[Task description] Retype the listing below line for line, but only from the line with "gehabt haben |" down to the line with "Сырный суп и борщ со сметаной", inclusive. Pictures stay out.

[Data for review]
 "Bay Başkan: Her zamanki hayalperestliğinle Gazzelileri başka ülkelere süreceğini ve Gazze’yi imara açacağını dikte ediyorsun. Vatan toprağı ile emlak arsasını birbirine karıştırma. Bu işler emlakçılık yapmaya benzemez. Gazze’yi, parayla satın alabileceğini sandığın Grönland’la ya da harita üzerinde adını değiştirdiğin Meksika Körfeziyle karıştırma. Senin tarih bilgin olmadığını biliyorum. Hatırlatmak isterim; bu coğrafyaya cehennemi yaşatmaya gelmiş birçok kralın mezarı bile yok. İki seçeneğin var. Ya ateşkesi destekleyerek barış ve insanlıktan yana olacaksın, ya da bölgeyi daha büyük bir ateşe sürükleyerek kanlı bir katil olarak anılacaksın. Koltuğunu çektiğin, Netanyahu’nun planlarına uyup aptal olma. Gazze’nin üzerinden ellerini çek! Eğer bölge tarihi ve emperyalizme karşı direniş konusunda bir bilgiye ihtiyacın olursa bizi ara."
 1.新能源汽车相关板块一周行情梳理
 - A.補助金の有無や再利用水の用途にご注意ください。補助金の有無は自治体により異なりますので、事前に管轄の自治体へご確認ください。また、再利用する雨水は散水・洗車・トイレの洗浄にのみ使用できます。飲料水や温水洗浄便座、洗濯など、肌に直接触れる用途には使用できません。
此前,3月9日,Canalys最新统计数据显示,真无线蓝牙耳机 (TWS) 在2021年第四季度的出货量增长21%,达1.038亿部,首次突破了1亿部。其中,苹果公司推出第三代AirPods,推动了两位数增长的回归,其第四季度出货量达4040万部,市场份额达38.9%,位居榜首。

---

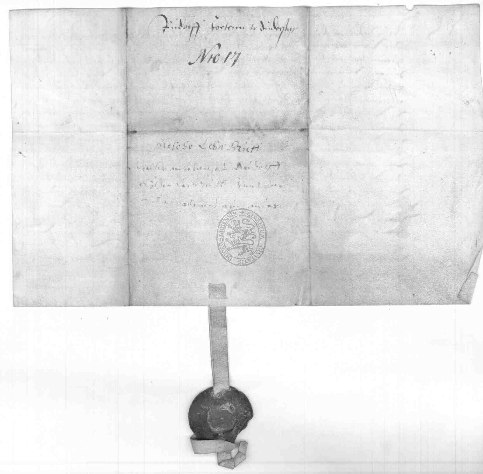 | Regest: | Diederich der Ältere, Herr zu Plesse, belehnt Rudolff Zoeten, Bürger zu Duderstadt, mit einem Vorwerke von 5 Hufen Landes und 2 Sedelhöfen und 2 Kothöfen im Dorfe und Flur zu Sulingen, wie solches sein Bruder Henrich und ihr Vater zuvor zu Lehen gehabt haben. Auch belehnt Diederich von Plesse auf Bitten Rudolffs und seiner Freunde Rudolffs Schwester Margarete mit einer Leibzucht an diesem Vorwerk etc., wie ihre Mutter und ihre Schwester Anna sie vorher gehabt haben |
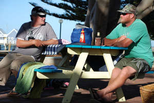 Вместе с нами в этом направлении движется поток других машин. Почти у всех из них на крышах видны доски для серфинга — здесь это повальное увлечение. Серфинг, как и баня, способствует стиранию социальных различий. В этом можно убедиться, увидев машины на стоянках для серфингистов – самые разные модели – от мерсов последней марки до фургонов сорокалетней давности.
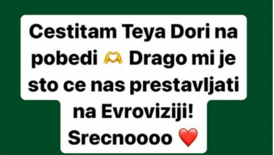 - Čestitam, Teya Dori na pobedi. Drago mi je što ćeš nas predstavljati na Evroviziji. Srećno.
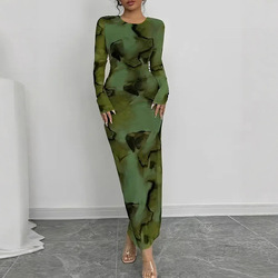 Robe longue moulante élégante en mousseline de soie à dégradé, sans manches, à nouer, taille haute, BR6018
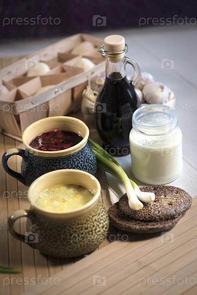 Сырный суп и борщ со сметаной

* * *

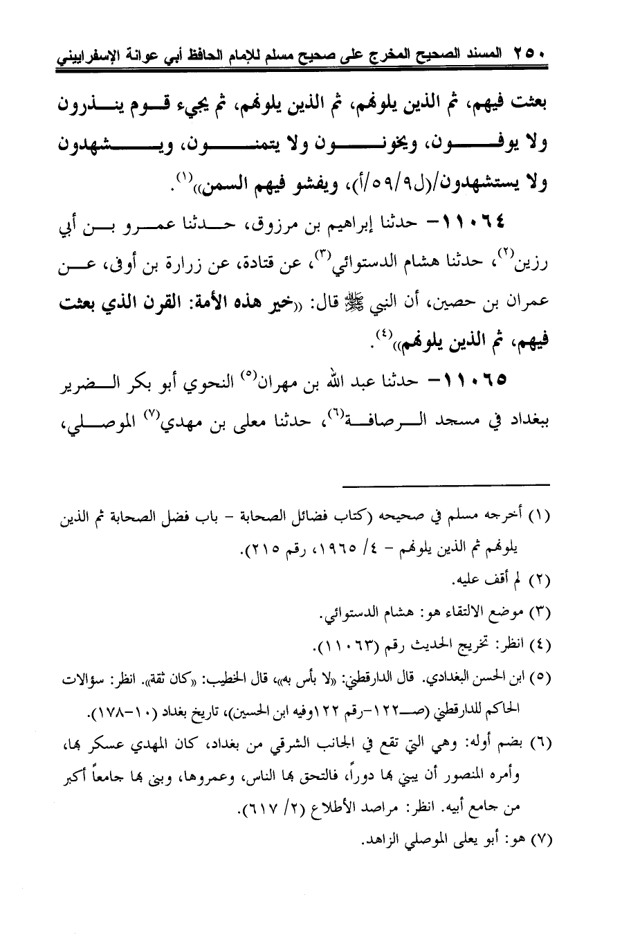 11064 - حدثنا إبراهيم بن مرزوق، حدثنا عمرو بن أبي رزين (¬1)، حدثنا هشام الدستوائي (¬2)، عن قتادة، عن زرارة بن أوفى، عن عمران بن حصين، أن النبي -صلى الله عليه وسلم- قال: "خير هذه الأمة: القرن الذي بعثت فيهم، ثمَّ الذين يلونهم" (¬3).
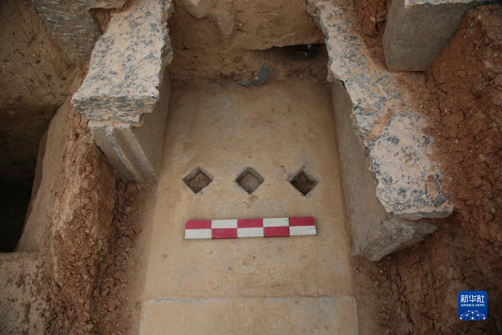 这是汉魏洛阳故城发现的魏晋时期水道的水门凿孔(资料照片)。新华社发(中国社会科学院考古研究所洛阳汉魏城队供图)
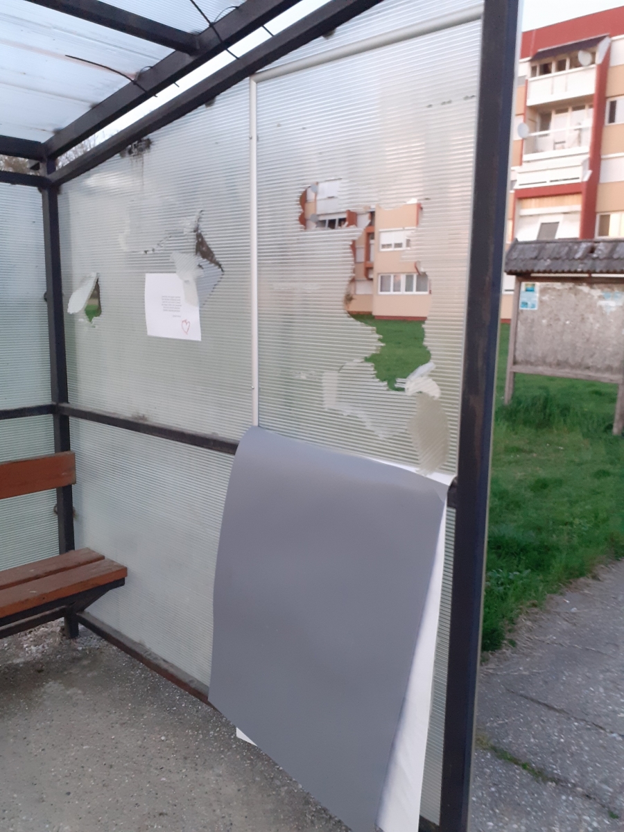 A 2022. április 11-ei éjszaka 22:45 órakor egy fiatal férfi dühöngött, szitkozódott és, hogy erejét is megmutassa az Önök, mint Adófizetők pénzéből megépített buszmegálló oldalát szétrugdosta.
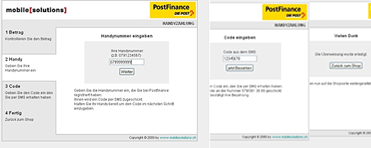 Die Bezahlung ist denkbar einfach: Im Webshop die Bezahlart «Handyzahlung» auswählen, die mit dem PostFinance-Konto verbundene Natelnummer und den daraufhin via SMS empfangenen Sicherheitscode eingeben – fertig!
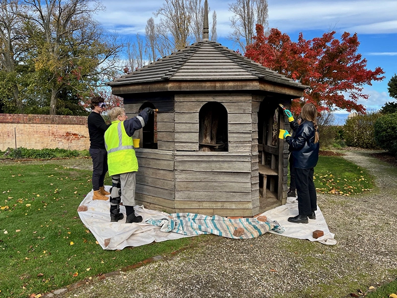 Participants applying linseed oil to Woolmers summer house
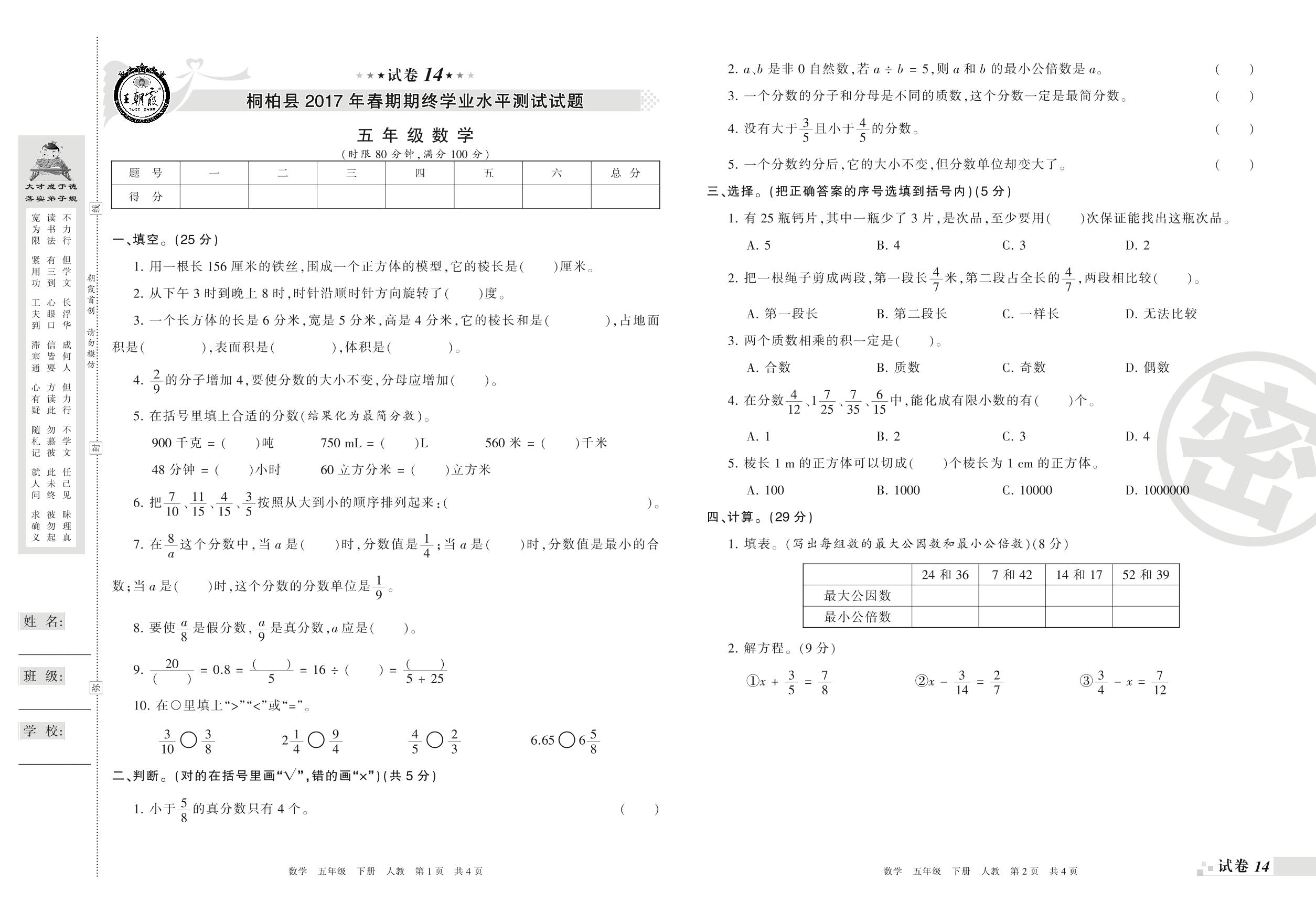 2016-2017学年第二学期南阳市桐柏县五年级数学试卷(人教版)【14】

[Solution]
 | Regest: | Diederich der Ältere, Herr zu Plesse, belehnt Rudolff Zoeten, Bürger zu Duderstadt, mit einem Vorwerke von 5 Hufen Landes und 2 Sedelhöfen und 2 Kothöfen im Dorfe und Flur zu Sulingen, wie solches sein Bruder Henrich und ihr Vater zuvor zu Lehen gehabt haben. Auch belehnt Diederich von Plesse auf Bitten Rudolffs und seiner Freunde Rudolffs Schwester Margarete mit einer Leibzucht an diesem Vorwerk etc., wie ihre Mutter und ihre Schwester Anna sie vorher gehabt haben |
 Вместе с нами в этом направлении движется поток других машин. Почти у всех из них на крышах видны доски для серфинга — здесь это повальное увлечение. Серфинг, как и баня, способствует стиранию социальных различий. В этом можно убедиться, увидев машины на стоянках для серфингистов – самые разные модели – от мерсов последней марки до фургонов сорокалетней давности.
 - Čestitam, Teya Dori na pobedi. Drago mi je što ćeš nas predstavljati na Evroviziji. Srećno.
 Robe longue moulante élégante en mousseline de soie à dégradé, sans manches, à nouer, taille haute, BR6018
 Сырный суп и борщ со сметаной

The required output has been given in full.